Tuesday, April 15, 2008

BBC NEWS | Technology | Wikipedia takes business approach

A timely snapshot; see the full article for more details

Today Wikipedia is one of the world's largest reference websites attracting nearly 700 million visitors a year. It is written in more than 250 languages with over 2.3 million articles in its English edition.

With a degree of modesty Jimmy concedes "I thought if we are really successful we might make the top one hundred websites and now we are like number eight on the internet and much bigger than I would have ever thought."
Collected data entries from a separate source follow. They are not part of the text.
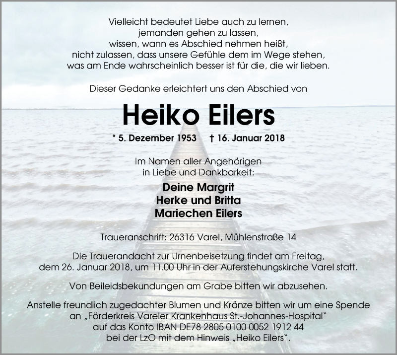 Hier finden Sie alle Traueranzeigen aus der Zeitung, die bisher für Heiko Eilers erschienen sind. Weitere Traueranzeigen, die in der Zeitung erscheinen, werden hier ebenfalls aufgelistet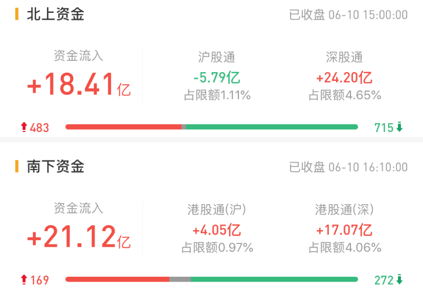 北上资金今日净流入18.41亿元。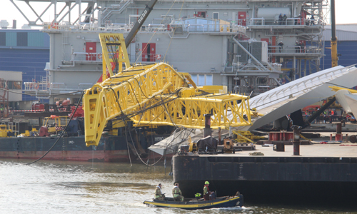 Het ongeval gebeurde tijdens het inhijsen van een brugdeel met hijskranen. Tijdens het tillen van dit brugdeel begaf een van de kranen het waardoor de combinatie omviel.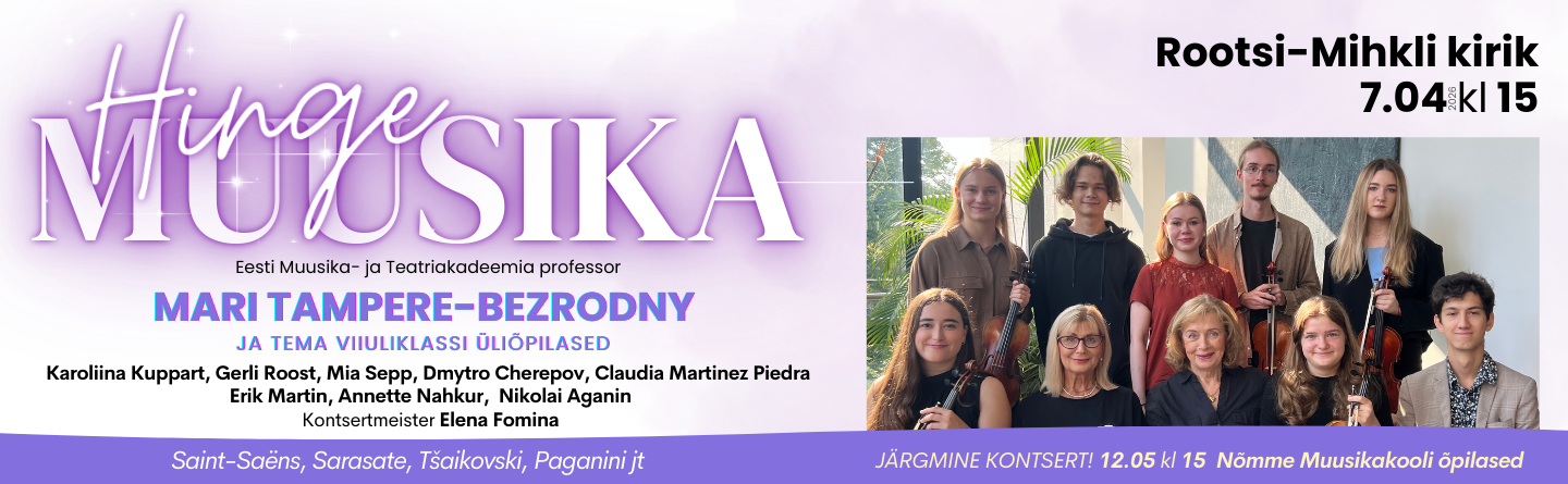 EELK Rootsi-Mihkli kogudus ja Muusikute fond PLMF esitlevad Rootsi-Mihkli kirik 10.03.2026 kl 15 HINGEMUUSIKA Tallinna Muusika- ja Balletikooli MUBA õpetaja sopran Kristina Vähi koos õpilastega Sofia Hussainova, Paula Põhjakivi, Randal... |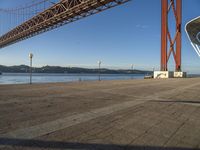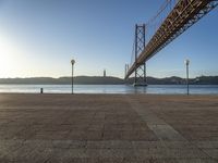 The break of day brings a beautiful calm to Lisbon, Portugal, as the sun rises above the coastal city. A bridge, jetty, and underpass form part of the city's infrastructure, while the harbor, beach, and lake bring a peaceful atmosphere to the horizon. Tree-lined roads, asphalt, sand, and wood provide a stunning backdrop to the day.
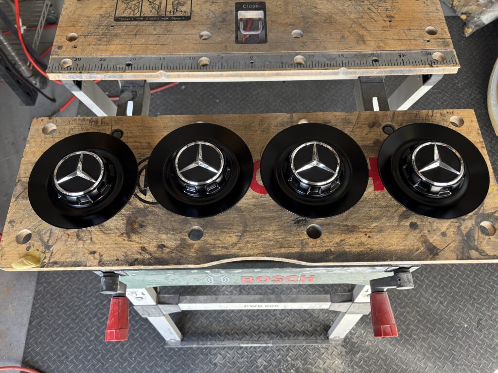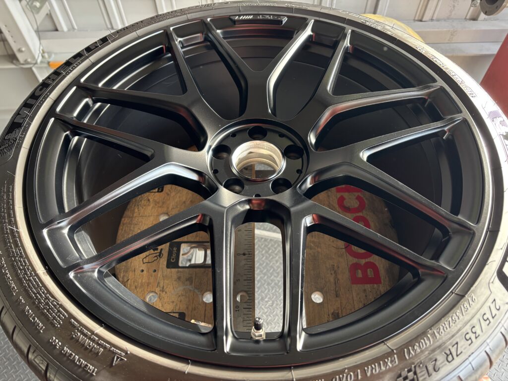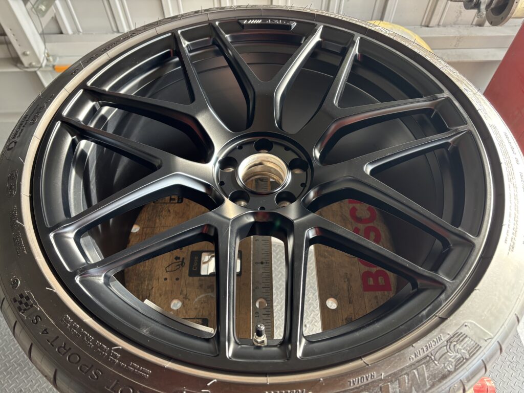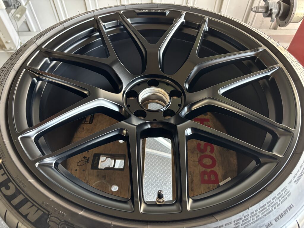 本日はメルセデス・ベンツAMG GT63Sの純正アルミホイールをマットブラック塗装でカラーチェンジさせていただきました。

On another note, via All Things Digital, a timely reality check from the Australian version of ComputerWorld:

If you are faced with the prospect of having brain surgery who would you rather it be performed by - a surgeon trained at medical school or someone who has read Wikipedia?

[...]

Professor Lichtenstein says the reliance by students on Wikipedia for finding information, and acceptance of the practice by teachers and academics, was "crowding out" valuable knowledge and creating a generation unable to source "credible expert" views even if desired.

"People are unwittingly trusting the information they find on Wikipedia, yet experience has shown it can be wrong, incomplete, biased, or misleading," she said. "Parents and teachers think it is [okay], but it is a light-weight model of knowledge and people don't know about the underlying model of how it operates."